‘The stock market has risen too sharply, stocks are overvalued, there is a risk of overheating’. These are the main statements that we have read again and again in recent years, and increasingly in recent months. However, the market has risen significantly overall. So what is going on now? Are we facing a major correction, or even a crash? Or is the talk of the market overheating just another tale from the storytellers?
Today's central bank meeting may cause some volatility, but a complete change of direction is not expected. Probably the admonishers, whose arguments we have summarised above, are the same ones who slept through the Bitcoin rally and also the outstanding performance of Nvidia (NASDAQ:NVDA) shares. There may also be some frustration in these admonitions about having missed out.
Is the market overheated or not?
As long as there are buyers, the market is not overheated. Who can still afford an apartment or a house in the big cities of Europe, be it Paris, London, Berlin, Munich, Milan, Rome, Barcelona, Madrid or Amsterdam? Prices are still rising because there are still buyers. The same applies to the stock market. Even if some key figures point to overheating, that does not necessarily mean that the market is actually overheated. Perhaps these key figures are too rough. A kitchen knife is not suitable for surgical procedures either.
We believe that both the US and European stock markets are anything but overheated. Both are hotheads, but in the best sense of the word. They are aiming high, and that is what they will achieve. We believe it would be a mistake to be guided by panic now. What is needed right now is a cool head that recognises opportunities, seizes them and doesn't wait for others to realise their profits.
But where are the opportunities?
Let's take an excellent example of a stock that has performed almost perfectly in recent years: Palantir. Palantir fell very sharply after a meteoric rise. That is the rule, not the exception. But this necessary and healthy correction is now over. Palantir has performed extremely well in recent months.
No sooner had Palantir reached an important milestone by being included in the S&P 500 than it reached a new high for 2022. But that wasn't all: its financially strong customer BP (LON:BP) extended its contract to use Palantir's AI platform for another five years.
However, there were unexpected reports that several of the company's executives have sold their own shares – a potential warning signal? Insiders often know best about the state of a company. There were even rumours that Palantir founder Peter Thiel wanted to sell his shares. What does this mean for shareholders, and should they consider selling Palantir shares now?
If you trade in the short term, you may well consider it, because a correction will happen. Those who trade in the long term will soon have a very good buying opportunity. And those who are already invested should stay invested and buy more at the next opportunity.

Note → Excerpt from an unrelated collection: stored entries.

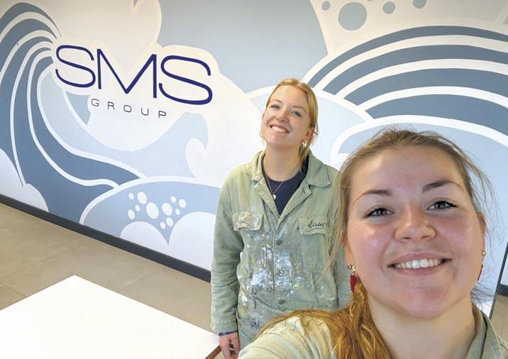 AWARD-WINNING DESIGN duo, Lauren and Chloe Piper (known as @2sistersuk), recently partnered with Bradite to refresh the SMS Group headquarters, using One Can to create a nautical-themed mural. Bradite’s all-in-one primer, stain block and finish was the ideal, fastdrying product to facilitate quick completion, without compromising on the quality of finish.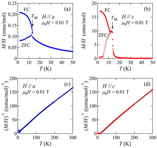 The temperature dependences of the magnetic susceptibility (M/H) were measured in a field of 0.01 T. The results along the a and c axes are presented in Figure 4a,b, respectively. A clear magnetic transition (TM) appears at 13.5 K in both field directions. The transition temperature of our floating-zone crystal exceeded that of the flux-grown crystals [23]. Here, TM defines the temperature at which clear hysteresis occurs between the ZFC and FC processes. Such hysteresis can be attributed to pinning of the magnetic domains below the magnetic ordering temperature. We also observe a large anisotropy of the magnetic susceptibility below TM between H//a and H//c, as seen in the flux-grown crystal [23]. Figure 4c,d plot the temperature dependence of the inverse magnetic susceptibility (M/H)−1 along the a and c axes, respectively. The black lines in the figures are the fits to the Curie–Weiss law, , where kB, NA, μB are the Boltzmann constant, Avogadro’s number, and the Bohr magneton, respectively. From the fits between 100 and 300 K, the effective magnetic moments (μeff) in the paramagnetic region were μeff = 3.57 μB and 3.66 μB under H//a and H//c, respectively. These values are very close to the theoretical value of the free Nd3+ with a total angular momentum of J = 9/2, which corresponds to μeff = 3.62 μB. The results suggest a well-localized nature of the 4f electrons. The small temperature-independent term χ0, which typically represents Pauli paramagnetic and Larmor diamagnetic contributions, was 8.14 × 10−4 (4.82 × 10−4) emu/mol for H//a (H//c). The Weiss temperatures under H//a and H//c were obtained as θP = −4.4 K and +11.4 K, respectively. Here, the negative and positive θP indicate an antiferromagnetic correlation and ferromagnetic coupling, respectively.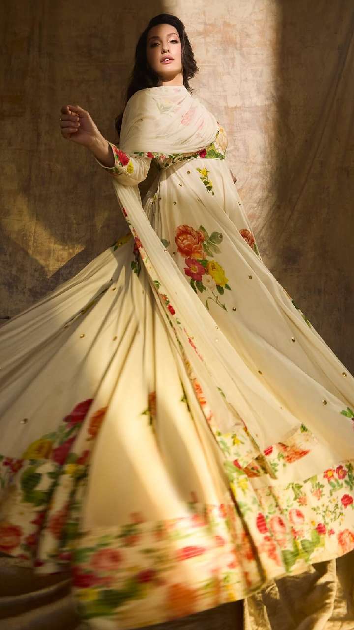 शादी के फंक्शन में शानदार दिखना चाहती हैं, तो नोरा की तरह ही प्रिंटेड अनारकली सूट ट्राई करें। ऐसे सूट लुक को सादगी भरा बना देती हैं।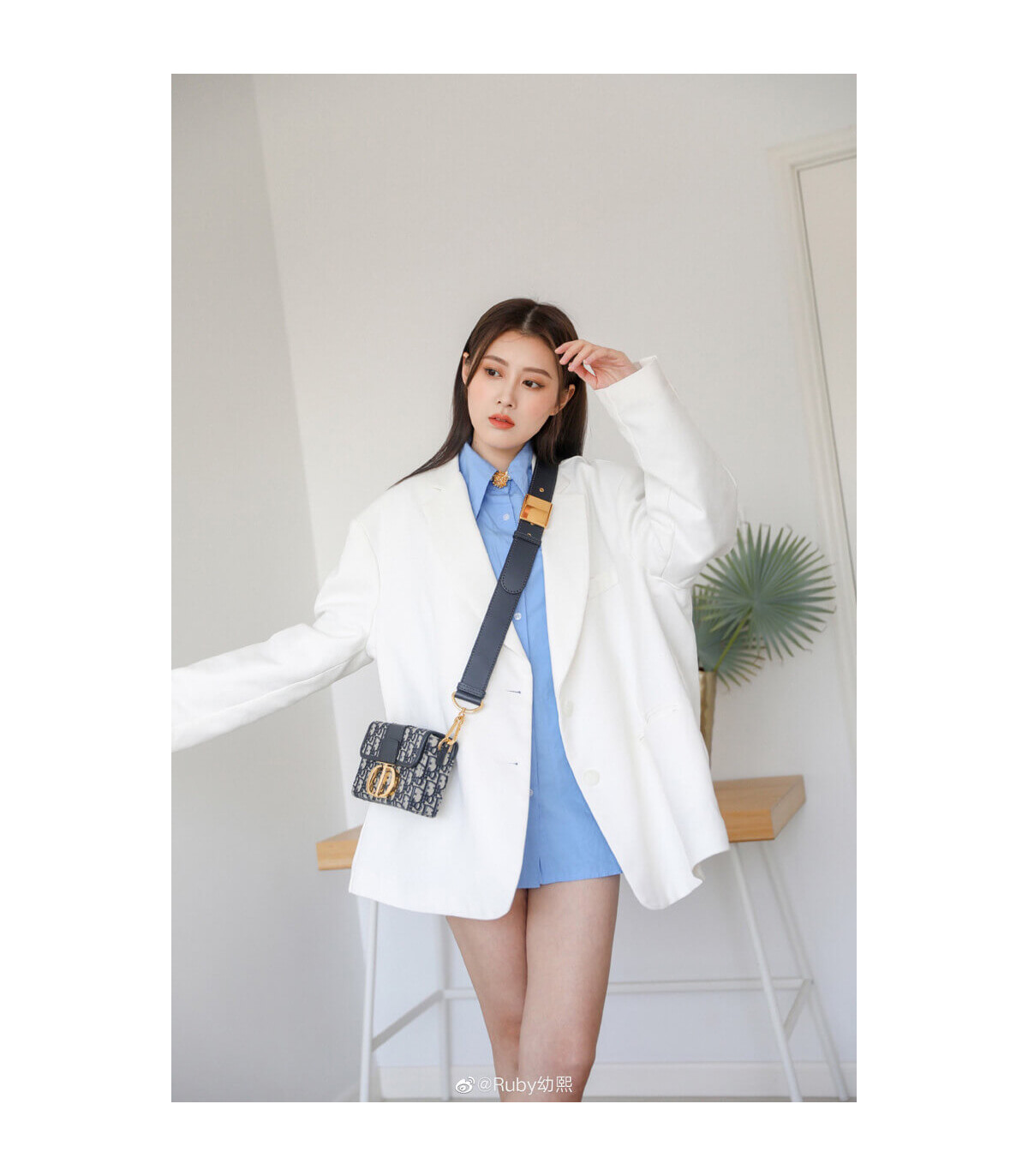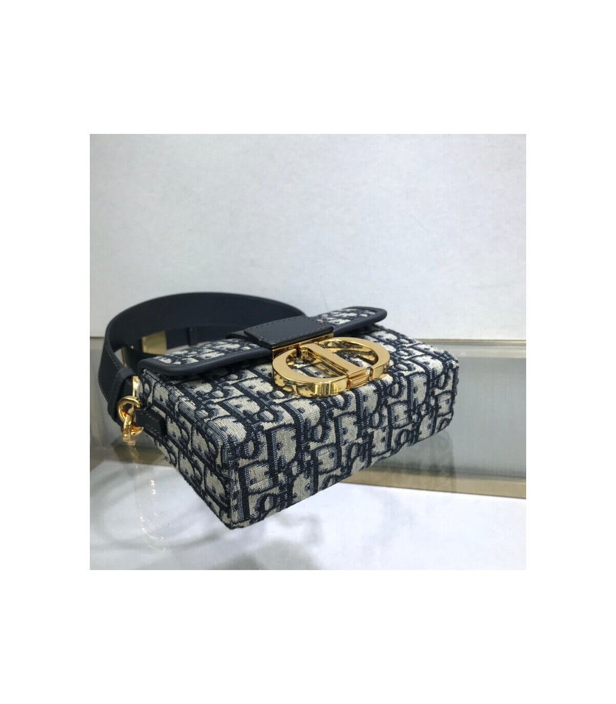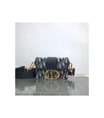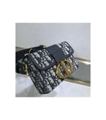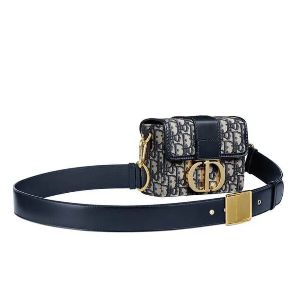 The 30 Montaigne line is inspired by the emblematic address and offers essential pieces that embody the House’s iconic codes. The compact handbag is crafted in blue Dior Oblique jacquard for an elegant and modern look. The flap is embellished with an antique gold-finish metal ‘CD’ clasp, inspired by the seal of a Christian Dior perfume bottle. Refined details, such as an embossed ’30 MONTAIGNE’ signature on the back and the military-inspired buckle define this unique design. Featuring an adjustable leather shoulder strap, the bag may be carried by hand, worn over the shoulder or crossbody.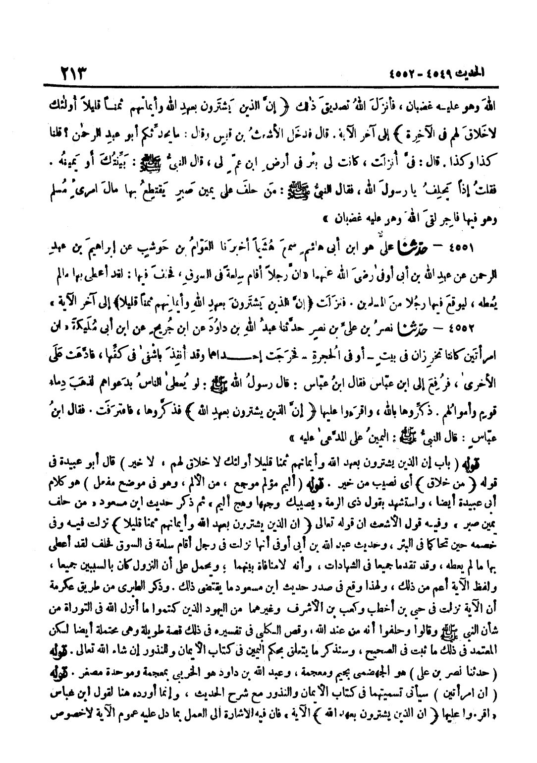 [4552] حَدَّثَنَا نَصْرُ بْنُ عَلِيٍّ هُوَ الْجَهْضَمِيُّ بِجِيمٍ وَمُعْجَمَةٍ وَعَبْدُ اللَّهِ بْنُ دَاوُدَ هُوَ الْخُرَيْبِيُّ بِمُعْجَمَةٍ وَمُوَحَّدَةٍ مُصَغَّرٌ قَوْلُهُ أَنَّ امْرَأَتَيْنِ سَيَأْتِي تَسْمِيَتُهُمَا فِي كِتَابِ الْأَيْمَانِ وَالنُّذُورِ مَعَ شرح الحَدِيث وَإِنَّمَا أوردهُ هُنَا لقَوْل بن عَبَّاس اقرؤوا عَلَيْهَا أَن الَّذين يشْتَرونَ بِعَهْد الله الْآيَةَ فَإِنَّ فِيهِ الْإِشَارَةَ إِلَى الْعَمَلِ بِمَا دَلَّ عَلَيْهِ عُمُومُ الْآيَةِ لَا خُصُوصُ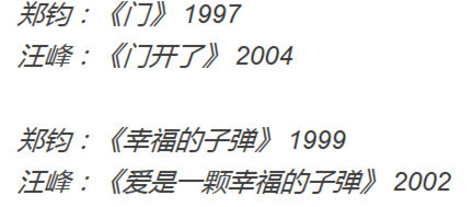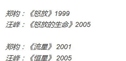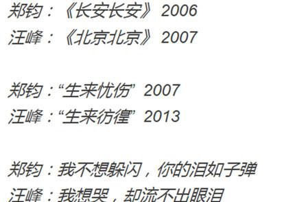 首先懂小姐发现,热心网友的神总结,还真的让汪峰和郑钧成了一对歌名上的twins。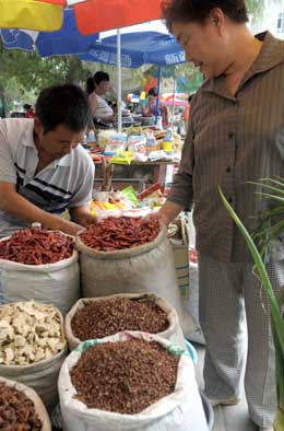 8月31日,一位市民在烏魯木齊市安寧渠鎮(zhèn)購買佐料。 受成本拉動影響,烏魯木齊市民鐘愛的馕、拌面、抓飯等“快餐”單價近期上漲了30%左右。為防止居民生活受到影響,當(dāng)?shù)卣扇×硕囗棿胧,控制食品價格過快上漲。據(jù)了解,烏魯木齊市政府嚴(yán)格執(zhí)行國家糧食收購價格,保證國庫糧食儲備。同時,市政府按照國家標(biāo)準(zhǔn)足額發(fā)放糧食農(nóng)資綜合直補金,激發(fā)了農(nóng)民種糧積極性,確保糧食種植面積,從而控制糧食價格上漲。此外,市政府嚴(yán)厲打擊囤積糧食、哄抬物價的不法經(jīng)營行為。

And that opportunity will come soon. Palantir has reached a strong resistance cluster in the range between $37.04 and $41.82. We expect a recovery phase that could push the price down significantly. It is less likely that Palantir will be able to break through this resistance cluster directly upwards.
The good news: $20.20 most likely marks the long-term bottom that this stock will no longer break through. That is our assessment based on our technical analysis method and the facts.
Why?
In addition to Palantir's inclusion in the S&P 500 index and the contract extension by BP, Palantir can already announce the next deal: Palantir Technologies (NYSE:PLTR) has signed a multi-year, multi-million dollar contract with Nebraska Medicine, an academic health system with $2.5 billion in revenue.
Nebraska Medicine, a leading healthcare innovator, will use Palantir's artificial intelligence platform (AIP) to improve medical care. However, more precise financial details were not yet announced in the press release.
Nebraska Medicine is investing heavily in promoting innovation in healthcare. Within a year of the collaboration, more than ten AIP applications had been implemented to optimise patient throughput, improve reimbursement and monitor patient care more efficiently.
‘Nebraska Medicine is one of the most innovative healthcare organisations in the US. While many institutions have grand visions, Nebraska Medicine quickly translates them into practical solutions,’ said Drew Goldstein, Co-Head of Healthcare at Palantir. ’Their rapid engagement in this partnership emphasises our shared focus on achieving significant results to improve patient care.’